Reputation: 619
When I write the mapreduce program, I often write the code like
job1.setMapOutputKeyClass(Text.class);
But why should we specify the MapOutputKeyClass explicitly? We have already spicify it in the mapper class such as
public static class MyMapper extends
Mapper<LongWritable, Text, Text, Text>
In the book Hadoop:The definitive Guide, there is a table shows that the method setMapOutputKeyClass is optional(Properties for configuring types), but as I test, I found it is necessary, or the Console of eclipse will show
Type mismatch in key from map: expected org.apache.hadoop.io.LongWritable, received org.apache.hadoop.io.Text
Can someone tell me the reason of it?
In the book, it says
"The settings that have to be compatible with the MapReduce types are listed in the lower part of Table 8-1". Does it mean we have to set the lower part property type, but do not have to set the higher part ones?
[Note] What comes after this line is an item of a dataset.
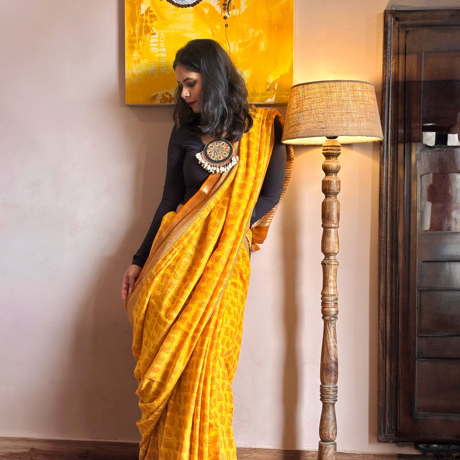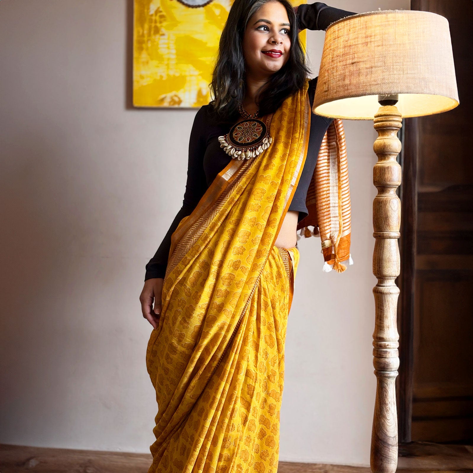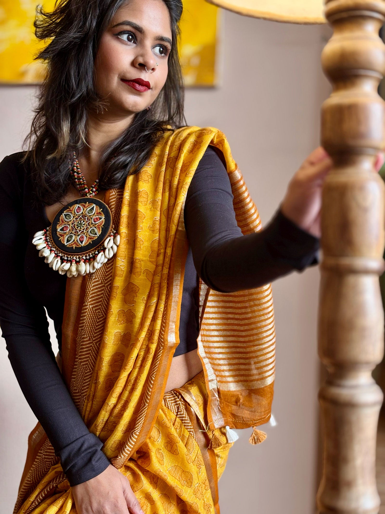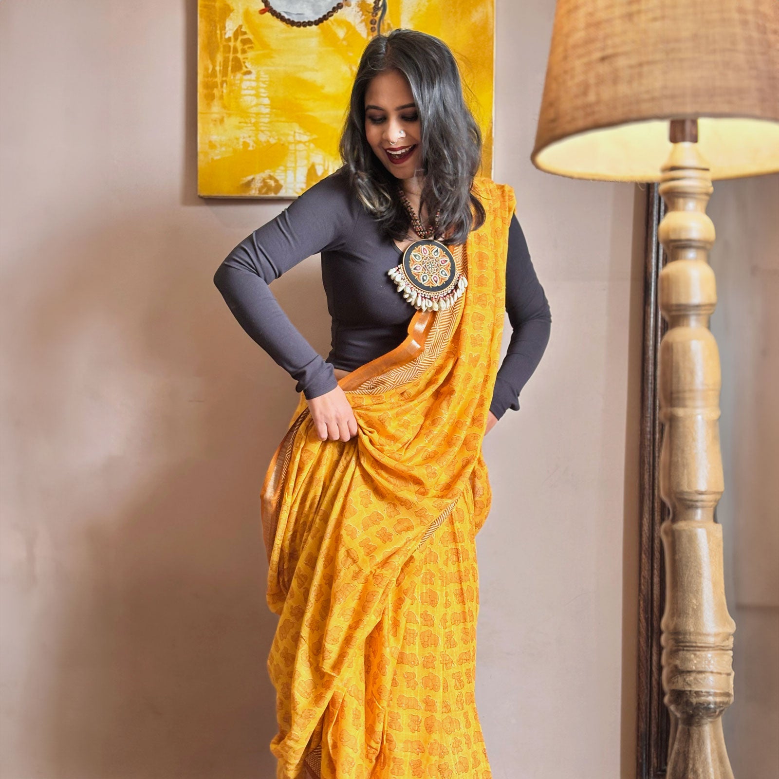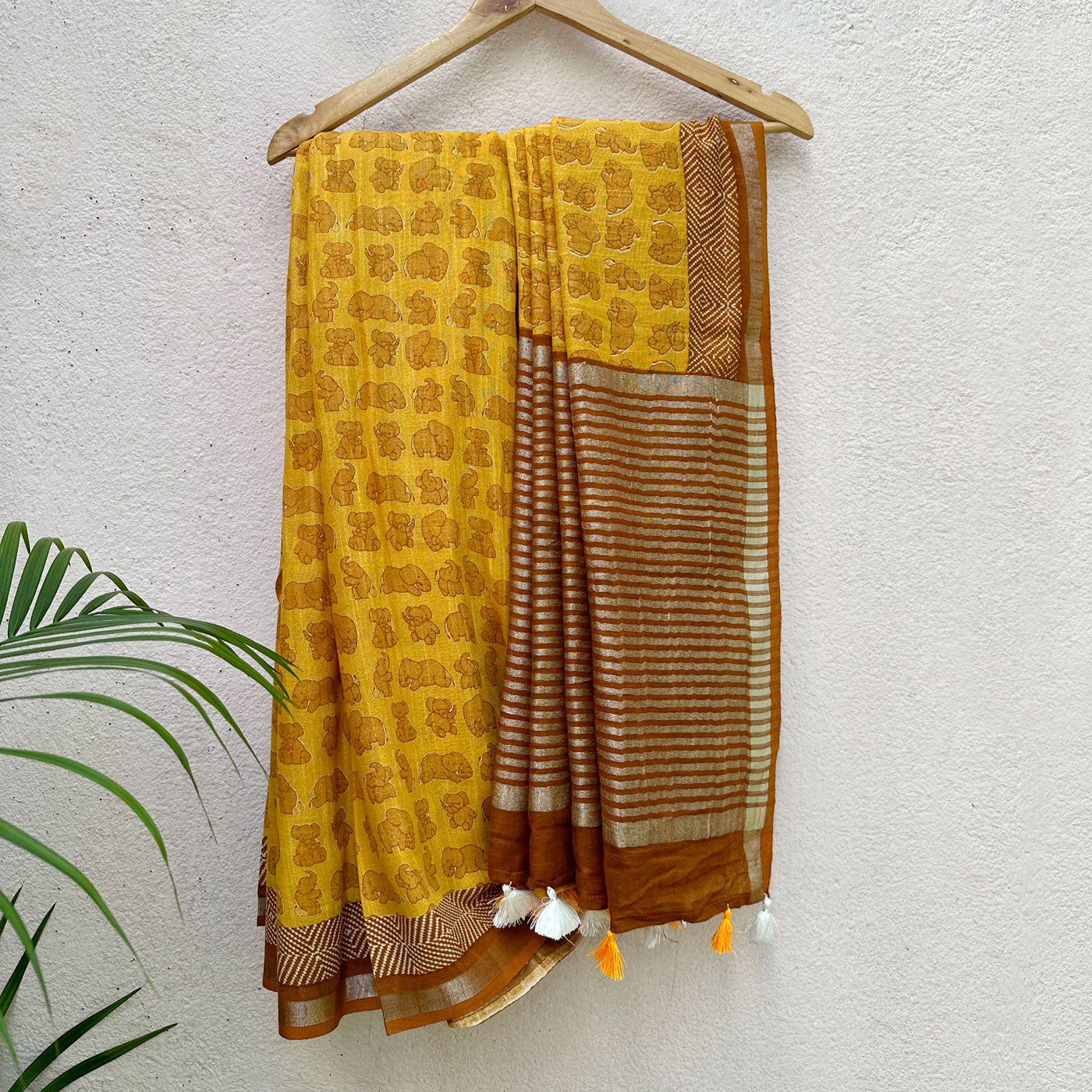Embrace your wild side with this eccentric hand screen printed saree, featuring a playful elephant pattern and a geometric border. The dual colored tassel and vibrant print adds an element of fun, making this saree a standout piece that's guaranteed to grab attention. Complete the look with your favorite accessories and show off your individuality and vivacity! Why blend in when you can stand out!

the content of the table looks like this:
Properties for configuring types:
mapreduce.job.inputformat.class
mapreduce.map.output.key.class
mapreduce.map.output.value.class
mapreduce.job.output.key.class
mapreduce.job.output.value.class
Properties that must be consistent with the types:
mapreduce.job.map.class
mapreduce.job.combine.class
mapreduce.job.partitioner.class
mapreduce.job.output.key.comparator.class
mapreduce.job.output.group.comparator.class
mapreduce.job.reduce.class
mapreduce.job.outputformat.class
Upvotes: 3
Views: 3059
Reputation: 4067
setMapOutputKeyClass()
as well as setMapOutputValueClass()
are optional as long as they match your job's output types specified by setOutputKeyClass()
and setOutputValueClass()
respectively. In other words, if your mapper output does not match your reducer output you have to use one or both of these methods.
As for your question regarding generic arguments, due to Java type erasure (Java generics type erasure: when and what happens?), Hadoop does not know them at runtime, even though they are known to the compiler.
Upvotes: 8